• Supplied information
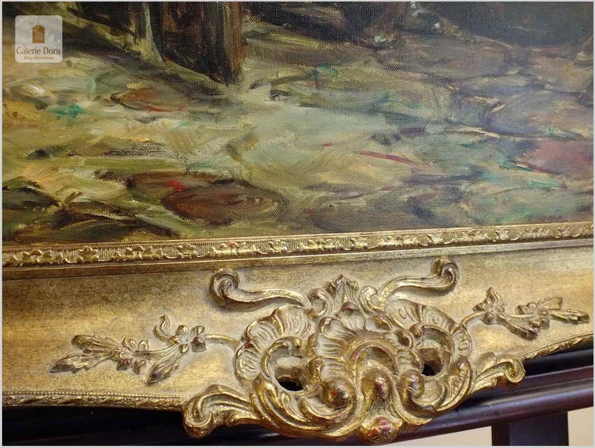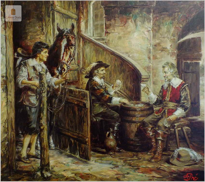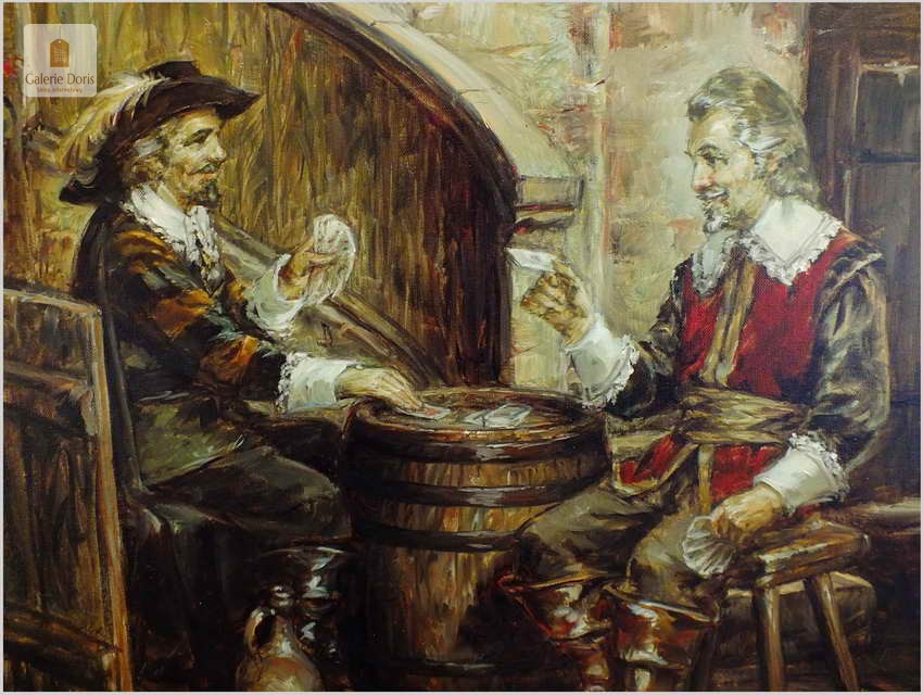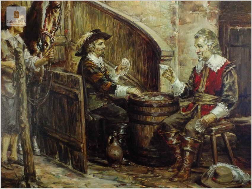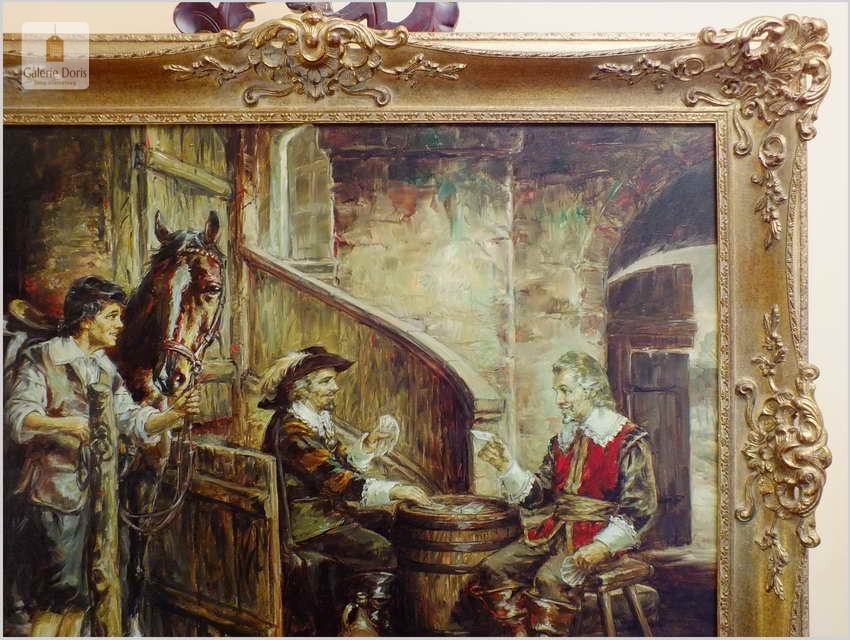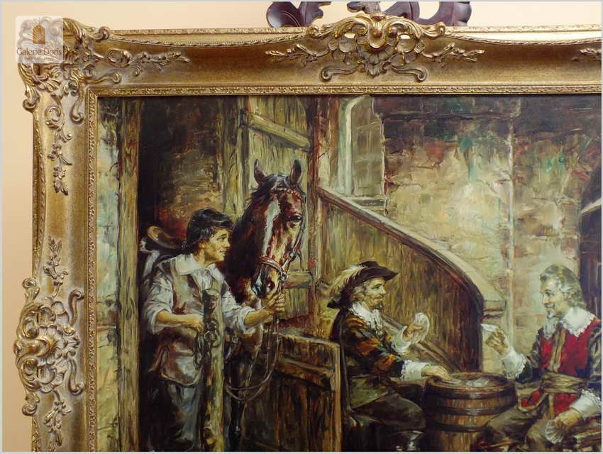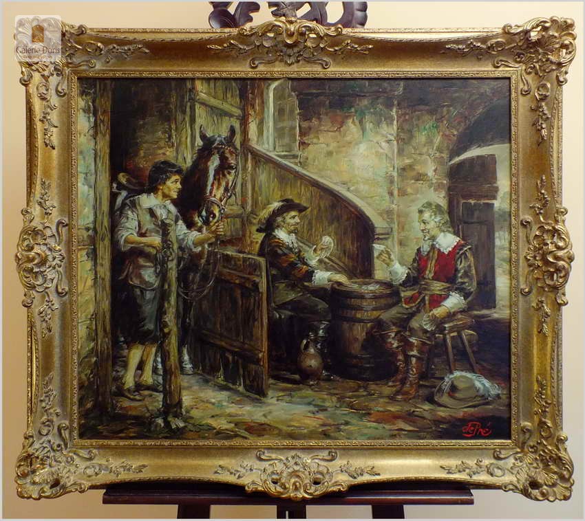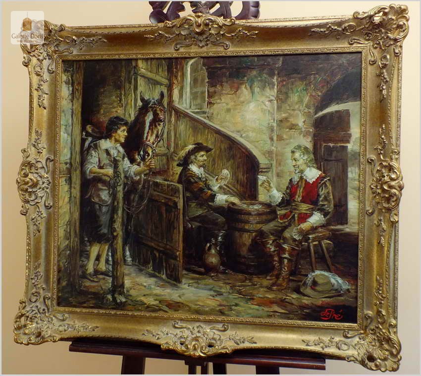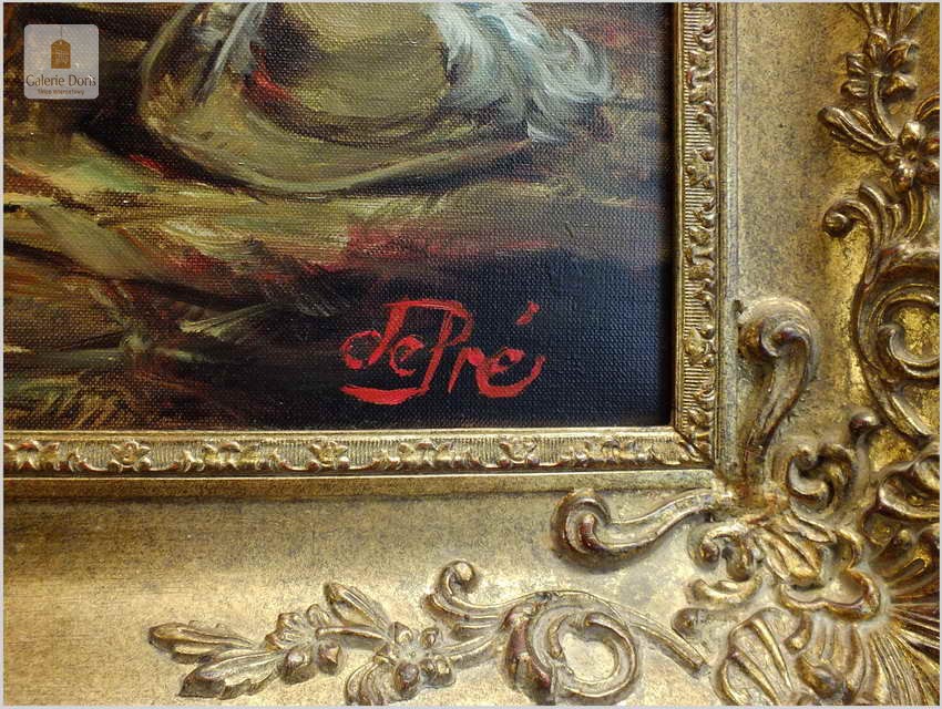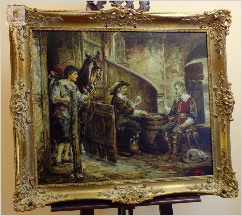 Polecamy stary obraz olejny pędzla znanego malarza niemieckiego Willi DePré. Zachwycająco oddał niesamowicie plastyczność malowanych postaci oraz ich otoczenia, całość podkreślona została finezyjnymi efektami światłocieniowymi a także wyśmienitą grą niuansów barwnych. Ten subtelnie malowany obraz cechuje znakomita technika malarska. Obraz bezpośrednio nawiązuje do dzieła XVII-wiecznego malarstwa. Oprawę malowidła stanowi przestrzenna, gruba rama wykonana z drewna. Złoconą ramę bogato dekorują kunsztowne sztukaterie. Obraz sygnowany jest w prawym dolnym rogu ramy. Gwarantujemy profesjonalnie zabezpieczoną przesyłkę kurierem.
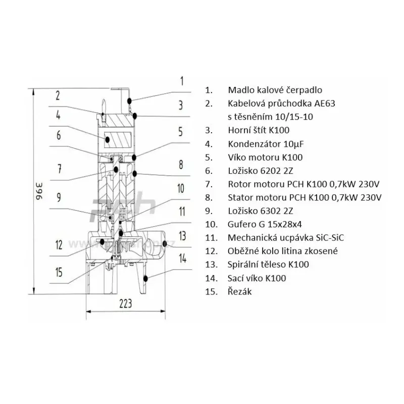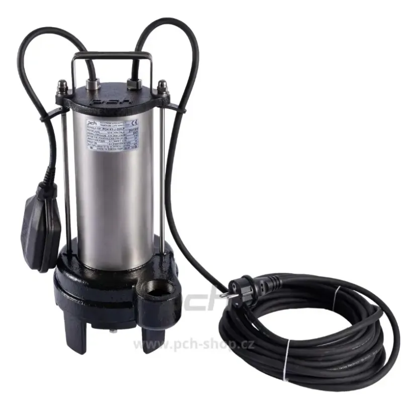 - Ponorné kalové čerpadlo PCH K1-J-220-P vyniká vysokým průtokem a dosaženou účinností, vybaveno plovákem
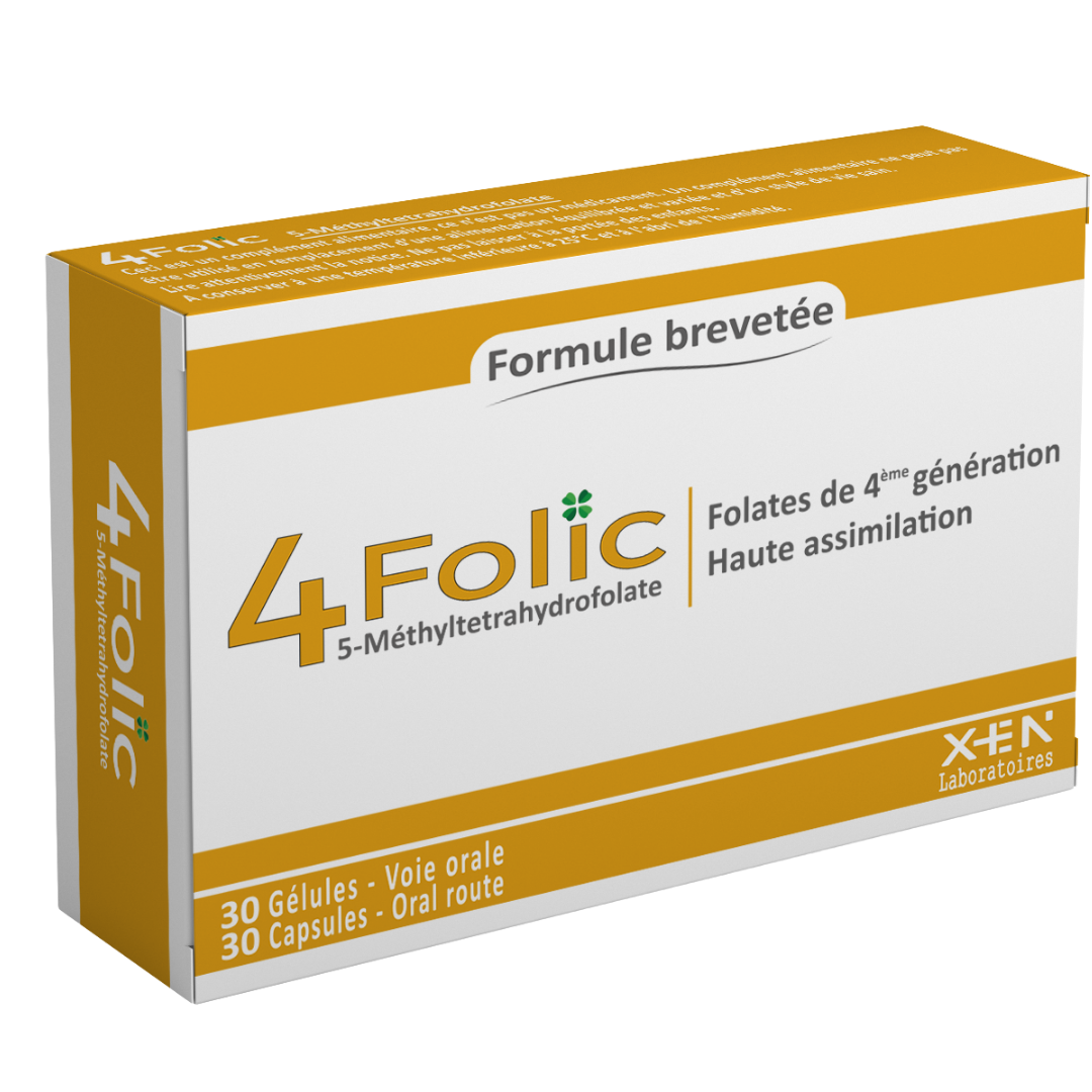 4 FOLIC est un complément alimentaire formulé à base de Quatrefolic, une forme de 5-méthyltétrahydrofolate de quatrième génération, reconnue comme la forme la plus active et la mieux assimilée de la vitamine B9.

• What to work on
Please repeat everything in the data above except the pictures, exactly as it reads.

• Task answer
 Polecamy stary obraz olejny pędzla znanego malarza niemieckiego Willi DePré. Zachwycająco oddał niesamowicie plastyczność malowanych postaci oraz ich otoczenia, całość podkreślona została finezyjnymi efektami światłocieniowymi a także wyśmienitą grą niuansów barwnych. Ten subtelnie malowany obraz cechuje znakomita technika malarska. Obraz bezpośrednio nawiązuje do dzieła XVII-wiecznego malarstwa. Oprawę malowidła stanowi przestrzenna, gruba rama wykonana z drewna. Złoconą ramę bogato dekorują kunsztowne sztukaterie. Obraz sygnowany jest w prawym dolnym rogu ramy. Gwarantujemy profesjonalnie zabezpieczoną przesyłkę kurierem.
 - Ponorné kalové čerpadlo PCH K1-J-220-P vyniká vysokým průtokem a dosaženou účinností, vybaveno plovákem
 4 FOLIC est un complément alimentaire formulé à base de Quatrefolic, une forme de 5-méthyltétrahydrofolate de quatrième génération, reconnue comme la forme la plus active et la mieux assimilée de la vitamine B9.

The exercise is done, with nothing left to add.